Danish footballer (1948–2019)

Eigil Nielsen (6 December 1948 – 26 December 2019) was a Danish footballer who played as a midfielder during the late 1960s, 70s and into the 80s.

==Career==
===Club===
Nielsen began his youth football by the local club Hjørring IF and with them his professional career in 1966, before moving to KB in 1970. In 1971, he signed for Switzerland's Winterthur and he played there under head coach Willy Sommer until 1974. He soon became an strategist within the team with his brilliant ideas. However, despite reaching the Swiss League Cup final twice, he was still denied success in the form of a title. Due to financial reasons Winterthur sold Nielsen to FC Basel during the summer break.

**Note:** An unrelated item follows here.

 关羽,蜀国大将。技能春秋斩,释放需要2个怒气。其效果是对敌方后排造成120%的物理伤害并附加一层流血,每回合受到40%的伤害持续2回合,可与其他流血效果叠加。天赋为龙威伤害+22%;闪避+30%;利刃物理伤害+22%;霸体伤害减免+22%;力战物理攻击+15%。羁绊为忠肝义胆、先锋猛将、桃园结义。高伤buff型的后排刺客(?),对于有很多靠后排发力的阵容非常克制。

Nielsen joined Basel's first team for their 1974–75 season under head coach Helmut Benthaus. He played his debut for his new club in the Cup of the Alps, an away game in Nîmes, on 20 July 1974. He not only scored his first goal for his new team in same game but Basel won 4–2 thanks to a hat-trick from Nielsen and a goal from Ottmar Hitzfeld. After playing in two further games in the pre-season Cup of the Alps and two games in the Swiss League Cup, in which he scored two further goals, Nielsen played his domestic league debut for the club in the home game in the St. Jakob Stadium on 17 August as Basel played a 2–2 with Xamax. He scored his first league goal for his new team in the away game in the Stadion Wankdorf on 12 October. In fact he scored twice as Basel played a 4–4 draw with the Young Boys.

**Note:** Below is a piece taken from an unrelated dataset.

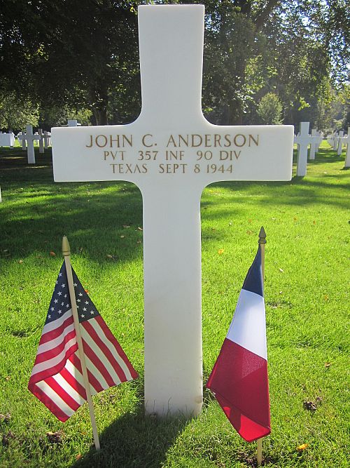 Pvt John C. Anderson enlisted in Camp Wolters, Texas on 20 March 1942.He was first buried at the Temporary American Military Cemetery in Champigneul, France.

At the end of his first season with the club, Nielsen celebrated a Basel win in the Swiss Cup final as they defeated Winterthur to win the trophy. Then at the end of the 1976–77 Nationalliga A season Basel won the Swiss Championship, winning the play-off match against Servette 2–1, after the two teams had ended the regular season level on points.

Nielsen stayed with Basel for four seasons. Between the years 1974 und 1978 Nielsen played a total of 164 games for FC Basel scoring a total of 30 goals. 99 of these games and 18 goals were in the Swiss domestic league. 21 games were in the Swiss Cup or Swiss League Cup, 23 were international cup games and 30 were test games. Nielsen scored his only European goal on 29 September 1976 in the second leg of the first round of the 1976–77 UEFA Cup. Basel played at home in St. Jakob Stadium and won 3–0 against Glentoran F.C.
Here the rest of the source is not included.